■ Problem statement ■
From the first line of the listing below through the line with "Data were represented", transcribe exactly and skip the pictures.

■ Data for review ■
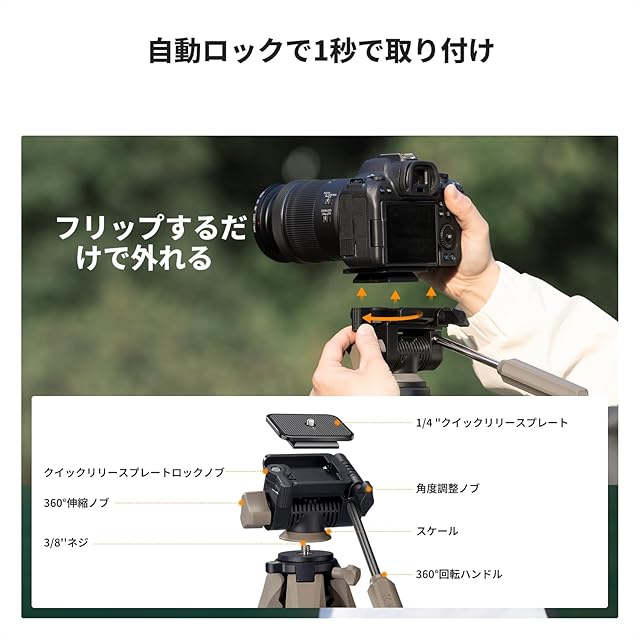 フレキシブルな撮影アングル:三脚の3ウェイ雲台の耐荷重は4kg。雲台は水平方向に360°回転し、チルト角は-70°から+100°まで調整可能です。また、クイックリリースプレートは水平および垂直の撮影に使用でき、マルチアングル撮影の要件を満たします。
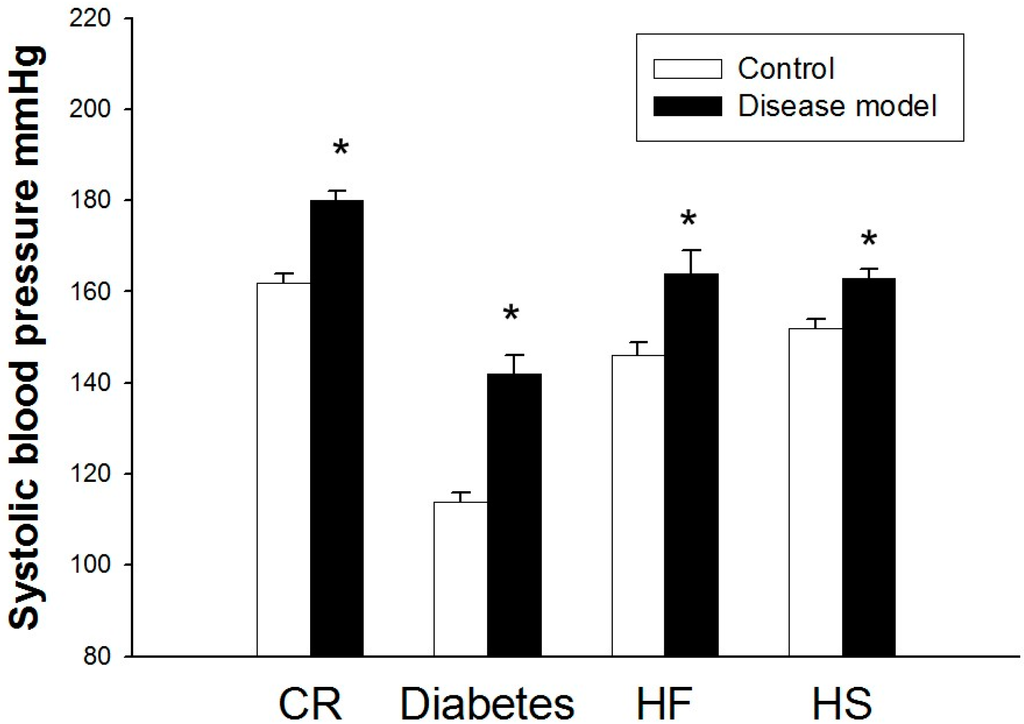 Data were represented as mean ± S.E.M. BP was analyzed by using the Student t-test to compare the disease model group with the respective control group. A p-value <0.05 was considered statistically significant. All analyses were performed using the Statistical Package for the Social Sciences software (SPSS, IBM, Armonk, NY, USA).
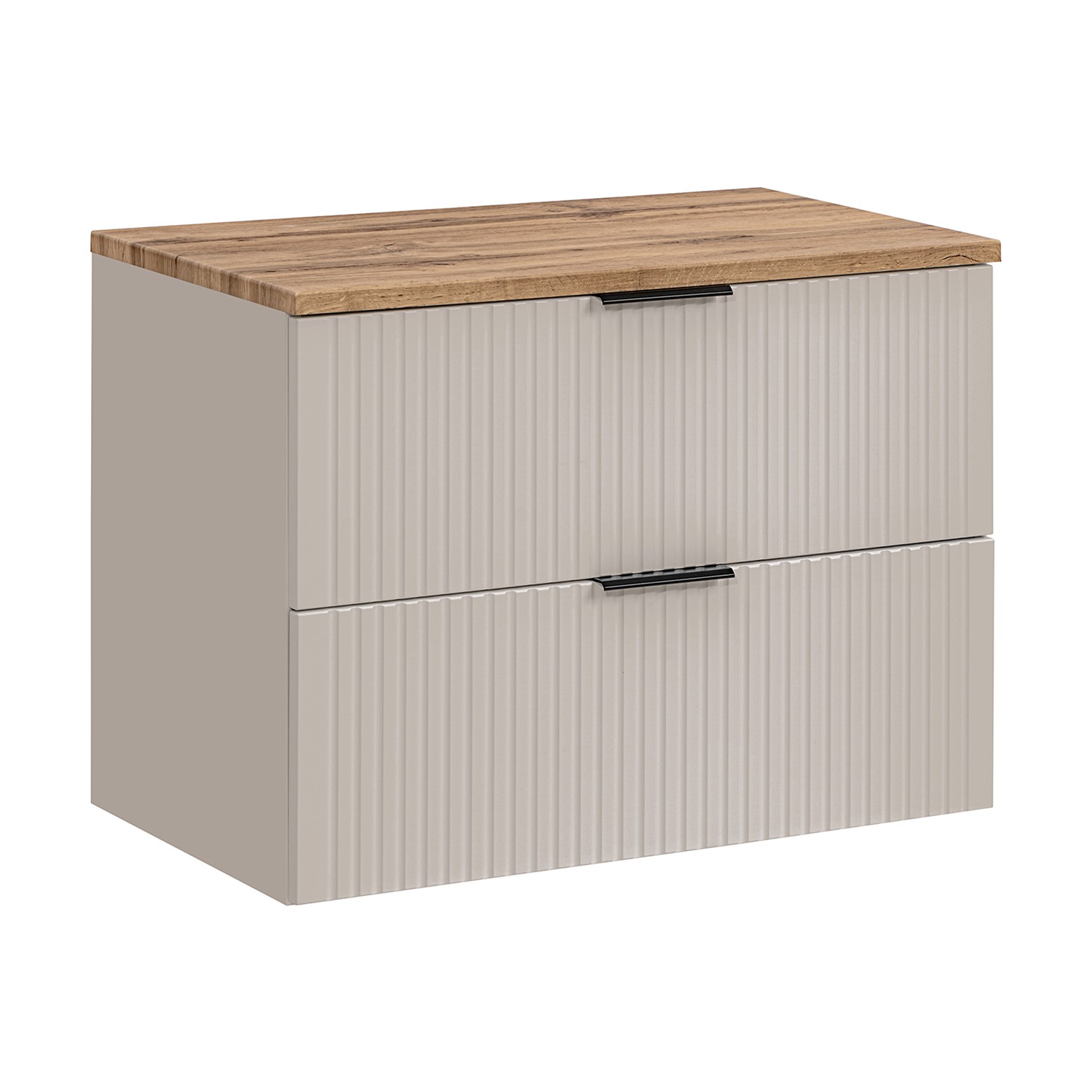 Prezentowana kolekcja mebli to nowoczesne połączenie elegancji i funkcjonalności, zaprojektowane z myślą o najbardziej wymagających użytkownikach. Wyróżnia się unikalnymi pionowymi frezowaniami we frontach i korpusie, które nadają meblom niepowtarzalny charakter i dynamikę. Dzięki tej wyjątkowej strukturze, meble wprowadzają do łazienki ruch i płynność, tworząc harmonijną i stylową przestrzeń. Nowoczesna kolorystyka oraz wyrafinowane detale czynią ją wyjątkową propozycją do każdej łazienki. Zestawy mebli wykonane są z wysokiej jakości materiałów, takich jak płyta laminowana i MDF, co zapewnia ich trwałość i odporność na wilgoć. Starannie dobrane komponenty oraz precyzyjne wykończenie gwarantują, że meble te będą służyć przez wiele lat, zachowując swój piękny wygląd i funkcjonalność. W zestawie znajduje się szafka z blatem.
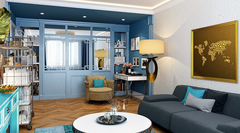 Зеркальный фасад гардеробной оформлен пилястрами с каннелюрами и фигурными раскладками, которые придают ей законченность и «историзм» (XIX — начало XX в.). Синий и его оттенки с акцентами цвета бронзы объединили эклектичную обстановку гостиной, в которой присутствуют элементы минимализма (диван и ковёр), этно (комод), лофта (сетчатая этажерка), а также дизайнерский журнальный стол-пружина.
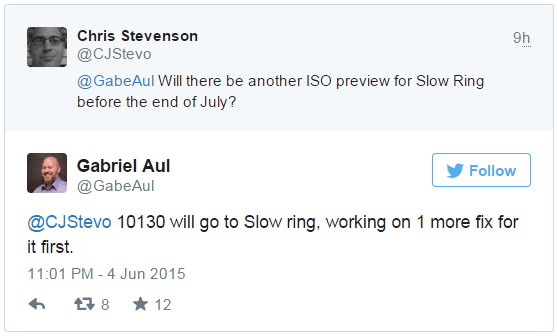 這意味著Windows Build 10130已經逐漸穩定,發布至“Slow Ring”的同時該版本的ISO鏡像文件也會同時發布。
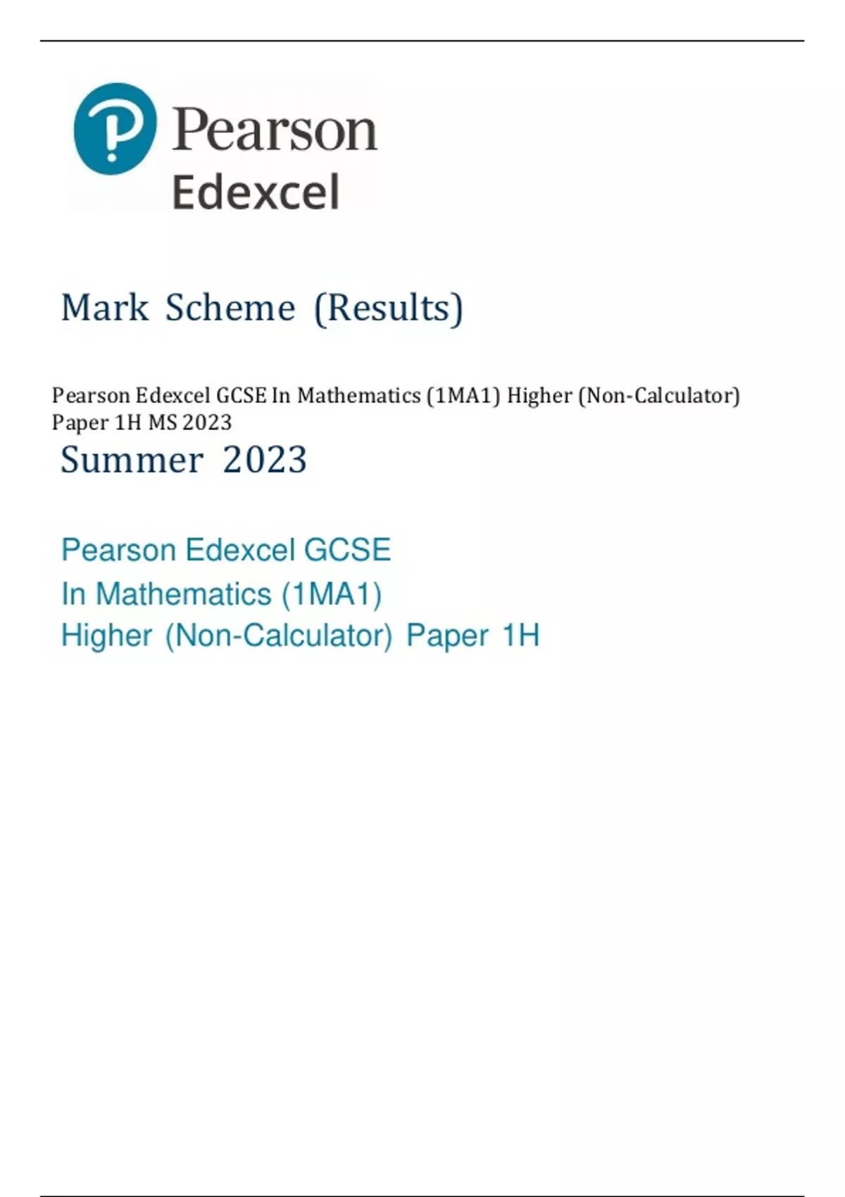 Pearson Edexcel GCSE In Mathematics (1MA1) Higher (Non-Calculator)

■ Exercise solution ■
 フレキシブルな撮影アングル:三脚の3ウェイ雲台の耐荷重は4kg。雲台は水平方向に360°回転し、チルト角は-70°から+100°まで調整可能です。また、クイックリリースプレートは水平および垂直の撮影に使用でき、マルチアングル撮影の要件を満たします。
 Data were represented as mean ± S.E.M. BP was analyzed by using the Student t-test to compare the disease model group with the respective control group. A p-value <0.05 was considered statistically significant. All analyses were performed using the Statistical Package for the Social Sciences software (SPSS, IBM, Armonk, NY, USA).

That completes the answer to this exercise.